Tom Lee (Research Fellow, MD Group, SCMB)

Title: The molecular origin of anisotropic emission in an organic light-emitting diode

Organic light-emitting diodes (OLEDs) are increasingly used in electronic displays and related technologies. A major factor in the efficiency of these devices is the loss of photons to reabsorption within the light-emitting layer. These losses can be minimized by increasing the degree of horizontal alignment of the transition dipole moment vectors (TDVs) associated with the phosphorescent emitter molecules. Here, non-equilibrium molecular dynamics simulations have been used to model the induction of anisotropy in the TDV orientations within an OLED emission layer formed by vapor deposition. Two emitter species were compared: fac-tris(2-phenylpyridine)iridium(III) (Ir(ppy)3), which experimentally shows isotropic emission, and bis(2-phenylpyridine)(acetylacetonate)iridium(III) (Ir(ppy)2(acac)), which displays increased efficiency due to apparent alignment of the TDV. It is found that during deposition, the molecular axis of both emitters becomes preferentially aligned with the normal to the surface. The simulations suggest that the experimentally observed differences in the efficiency of these systems is due to the fact that the three TDVs of Ir(ppy)3 are nearly orthogonal, canceling the effect of the molecular alignment, whereas the two TDVs of Ir(ppy)2(acac) both preferentially lie parallel to the surface.

Kanupriya Tiwari (PhD, Nielsen Group, AIBN)

Title: Bayesian Neural Networks for predicting alternative gene splicing patterns. 

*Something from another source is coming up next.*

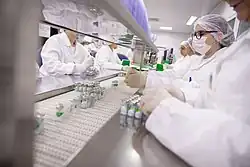 The Butantan is the largest producer in Latin America (and one of the largest in the world) of immunobiologicals and biopharmaceuticals. In 2001 it produced ca. 110 million doses of vaccines and 300 thousand vials of hyperimmune sera. The institute is responsible for the production of 90% of the vaccines used in Brazil.[2] The institute contains a venom farm where researchers milk around a thousand snakes for their venom which is used to make antivenoms and for medical research.[4]
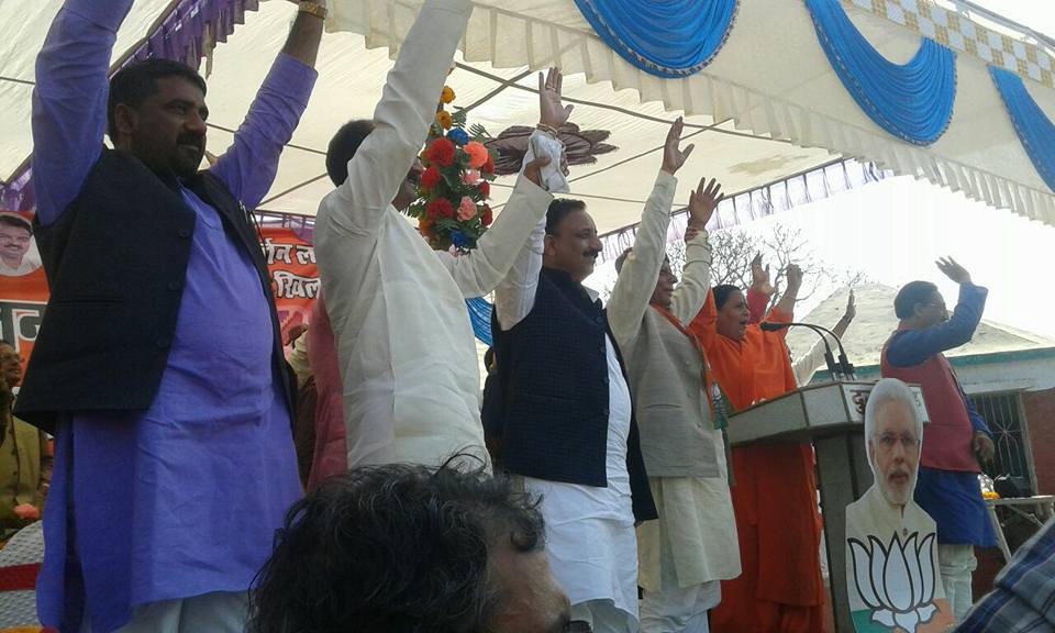कुशीनगर(उ0प्र० ): विधानसभा (331)तमकुहीराज के बेदुपार में केन्द्रीय मंत्री उमाभारती ने भाजपा प्रत्याशी जगदीश मिश्र (बाल्टी बाबा) के पक्ष में जनसभा को संबोधित करते हुए कहा कि सपा गठबंधन और बसपा से उत्तर प्रदेश कि जनता तंग आ चुकी है | क्षेत्र की जनता ने इस बार परिवर्तन करने का निर्णय ले लिया है| जनसभा में उमड़ा जनसैलाब कुछ अलग ही बयां कर रहा था | उत्तराखण्ड के पूर्व मुख्यमंत्री व हरिद्वार के सांसद रमेश पोखरियाल ‘निशंक’, और सहारनपुर के विधायक राजीव गुम्बर ने भी भाजपा के लिए वोट माँगा | अजय तिवारी, संदीप तिवारी व सैकड़ो वरिष्ट भाजपा कार्यकर्ताओ ने जनसभा में उपस्थित जनता का आभार प्रकट किया | गुंडाराज और भ्रष्टाचार मुक्त सरकार बनाने का सबने संकल्प लिया और उत्तर प्रदेश को एक साफ सुथरी भाजपा सरकार देने का वादा किया |

Alternative Splicing significantly increases the coding potential of our genetic material by generating several mature transcripts from a single pre-mRNA.  More than 95% of human genes are estimated to be alternatively spliced regulating a wide spectrum of physiologically important events such as cell cycle control, apoptosis, stem cell pluripotency and lineage specification, regulation of epithelial to mesenchymal transition, generation of neuronal plasticity and response to heat shock stress. Dysregulation of splicing has been observed to be involved in the pathology of several diseases such as thalassaemia, myelodysplasia, spinal muscular atrophy, FTDP-17, Alzheimer’s disease and also several forms of cancer. The combinatoric action of DNA sequence dependent features along with trans factor expression and epi-genetic features has complicated the process of in silico modelling of splicing which would be useful for prediction of splice patterns for previously uncharacterized events as well generating hypotheses about the effect of changing regulatory factors such as splice site mutations or splice factor knockouts for example.  Fortunately, machine learning methods lend themselves well to such problems of deriving predictive models when the underlying mechanisms are insufficiently defined or too complex to be represented as meaningful mathematical relationships. Neural networks are a powerful, biologically inspired method to learn predictive models from observational data. However, the use of conventional feed forward networks that provide point estimates of parameters and predictions does not give us an insight about the confidence in model predictions, i.e. in cases where the model is presented with a test case that lies far away from the distribution of the training data, we can never be sure whether the model is making an educated guess or just a random prediction. In such cases, the ideal behaviour would be that the model provide us an estimate of the degree of confidence in its prediction. This problem can be tackled by the use of Bayesian modelling to account for the uncertainty in the network parameters , i.e., a Bayesian Neural Network framework. In this presentation, I will talk about using a Bayesian neural network based model for predicting gene splicing patterns using sequence and splicing protein expression patterns.